> [ASSIGNMENT] Repeat exactly the line with "ولما توفي المعتمد" and each line after it to the end of the data below; pictures stay out.

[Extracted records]
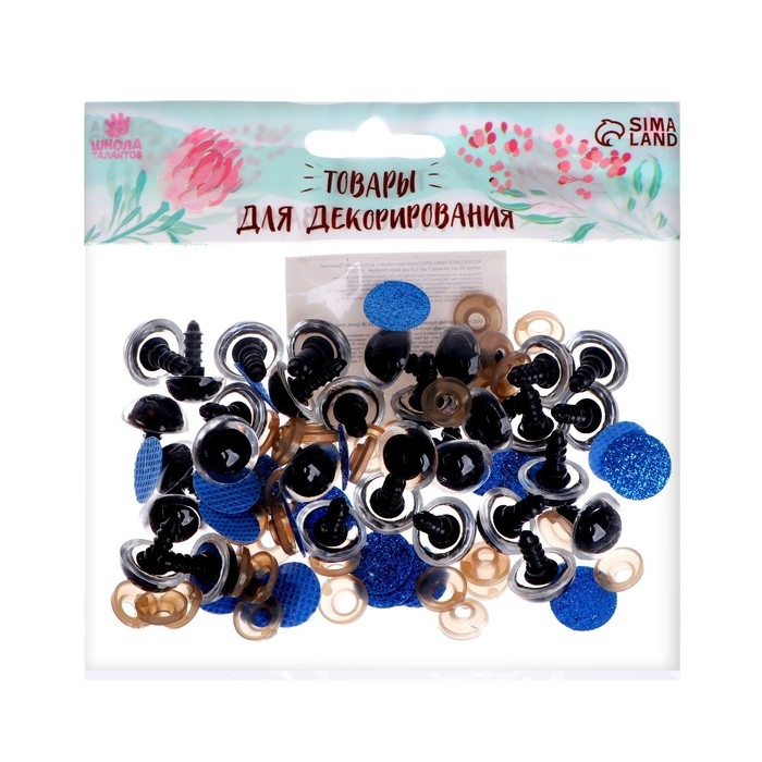 Глаза винтовые с заглушками, «Блёстки» набор 34 шт, размер 1 шт: 1,4 см, цвет синий
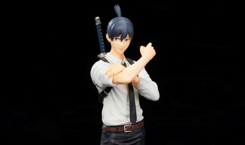 「TAITO景品 早川秋 FIGURE」,尺寸約高 18 公分,將阿秋身穿招牌的襯衫制服、直立髮髻及黑色耳環等特徵造型立體化~有別於平時生無可戀的死魚眼,臉上的表情酷酷中又透出一絲溫柔!挽起袖子的動作露出手臂的肌肉線條,身後揹著的武士刀細節也是一大亮點~
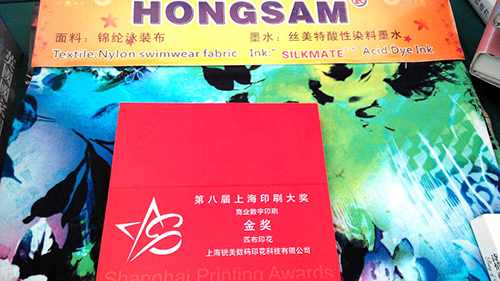 上海銳美選送的“匹布印花”采用鴻盛絲美特酸性染料墨水噴墨打印錦綸泳裝布,圖案顏色鮮艷、色彩亮麗,面料柔軟,具備制作精良、畫面清晰、耐洗牢度高等特點,是數字印刷在紡織面料上的應用的新突破,將在紡織印染領域掀起一場新的革命!“匹布印花”也因此榮獲本屆“上海印刷大獎”商業數字印刷金獎!
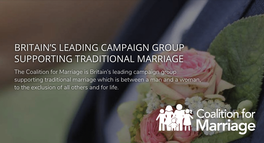 - Post: Coalition for Marriage, 8 Marshalsea Road, London, SE1 1HL
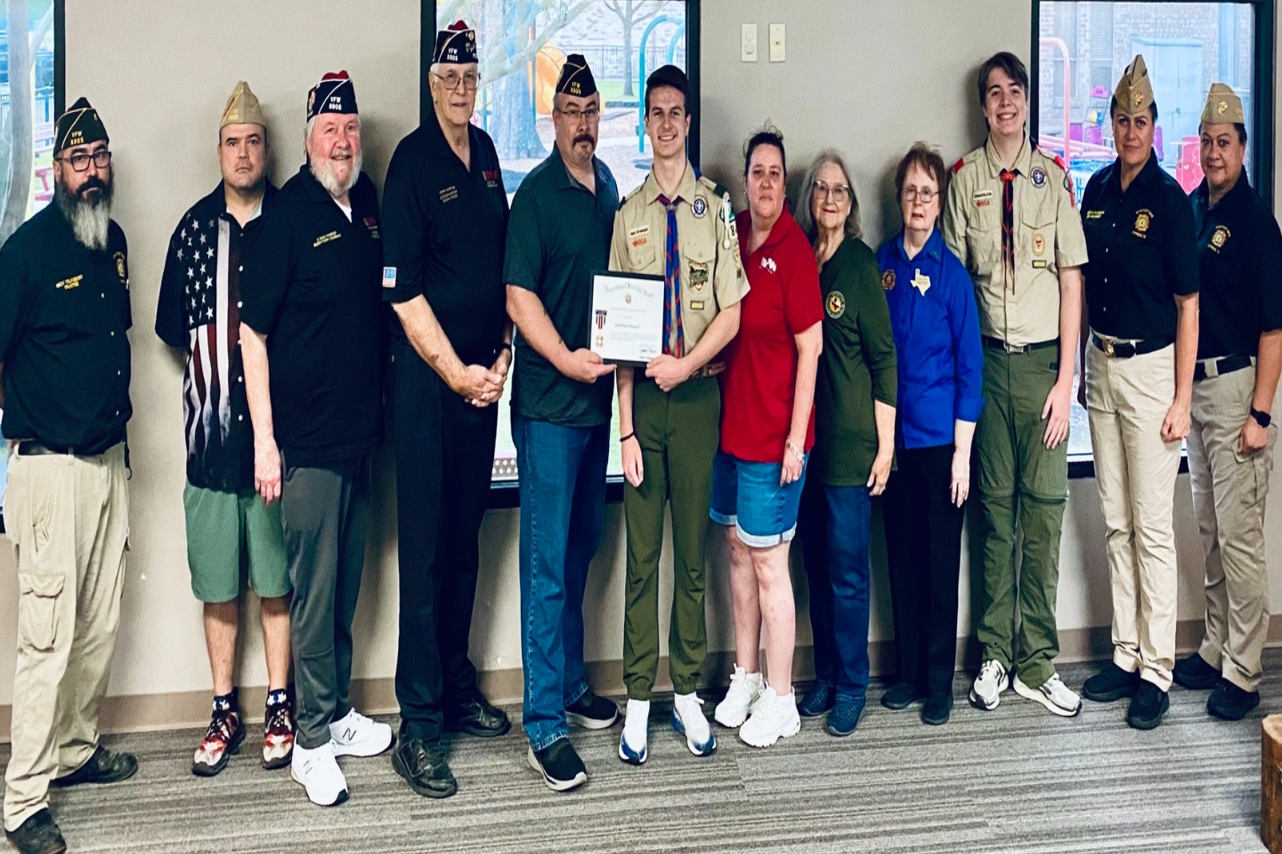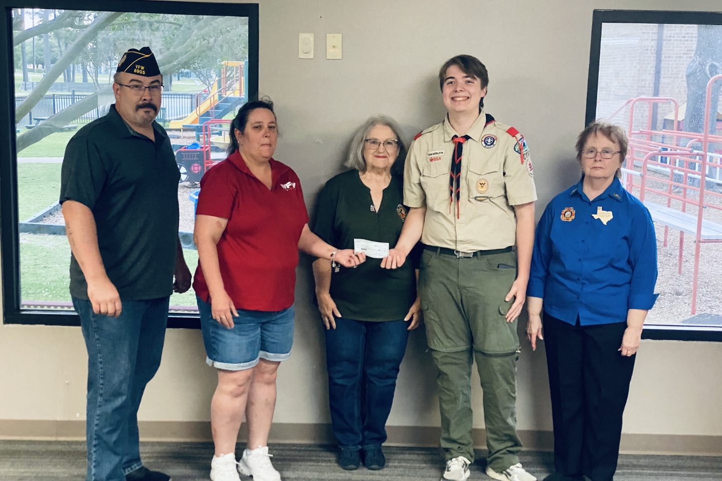 Congratulations to Texas Boys Outdoors for qualifying for a VFW Post 8905 donation. Thank you, Comrade David Santos, for presenting this to Mr. Roy Crush, President of TBO.
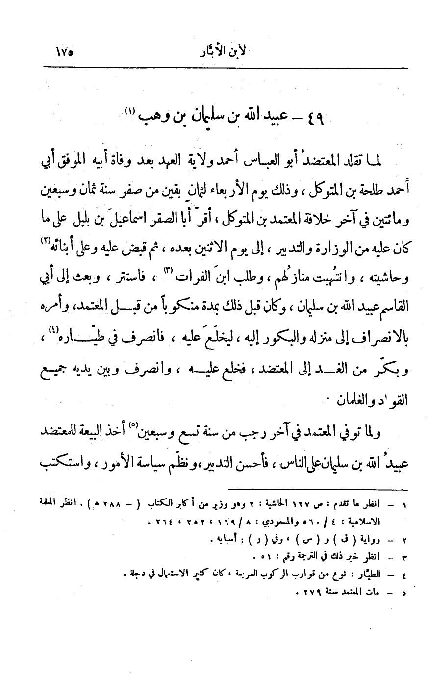 ولما توفي المعتمد في آخر رجب من سنة تسع وسبعين أخذ البيعة للمعتضد عبيد الله بن سليمان على الناس، فأحسن التدبير، ونظم سياسة الأمور، واستكتب
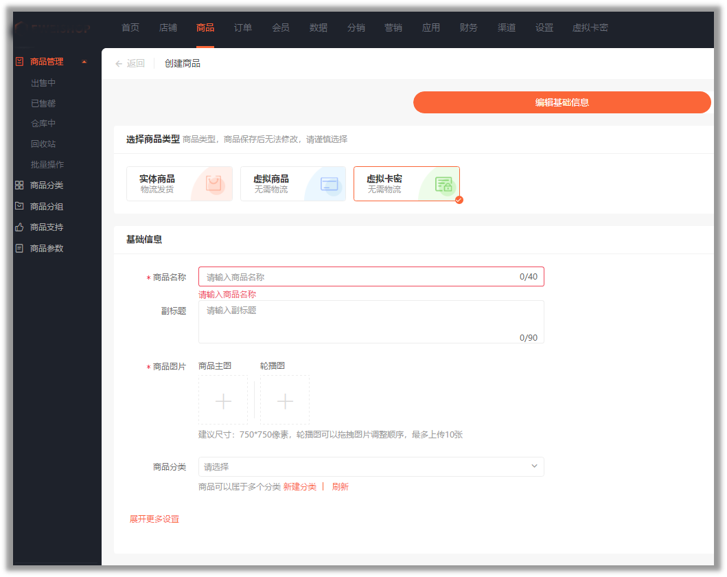 添加虚拟商品也是在商品中,点击【创建商品】,商品类型选择【电子卡密】;
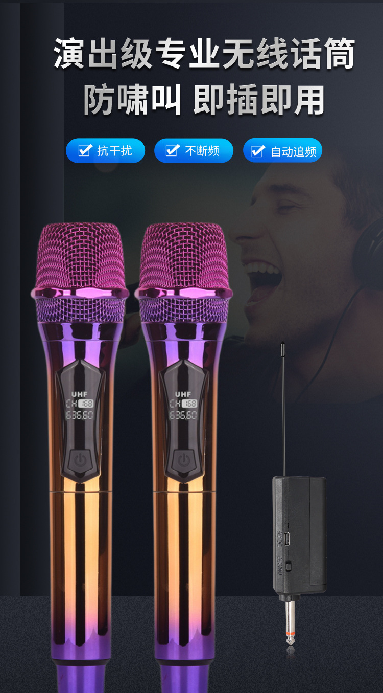 국경 간 무선 마이크 다채로운 108 홈 노래 야외 안티 하울링 일대일 충전 마이크

> [SOLUTION TO THIS PROBLEM]
 ولما توفي المعتمد في آخر رجب من سنة تسع وسبعين أخذ البيعة للمعتضد عبيد الله بن سليمان على الناس، فأحسن التدبير، ونظم سياسة الأمور، واستكتب
 添加虚拟商品也是在商品中,点击【创建商品】,商品类型选择【电子卡密】;
 국경 간 무선 마이크 다채로운 108 홈 노래 야외 안티 하울링 일대일 충전 마이크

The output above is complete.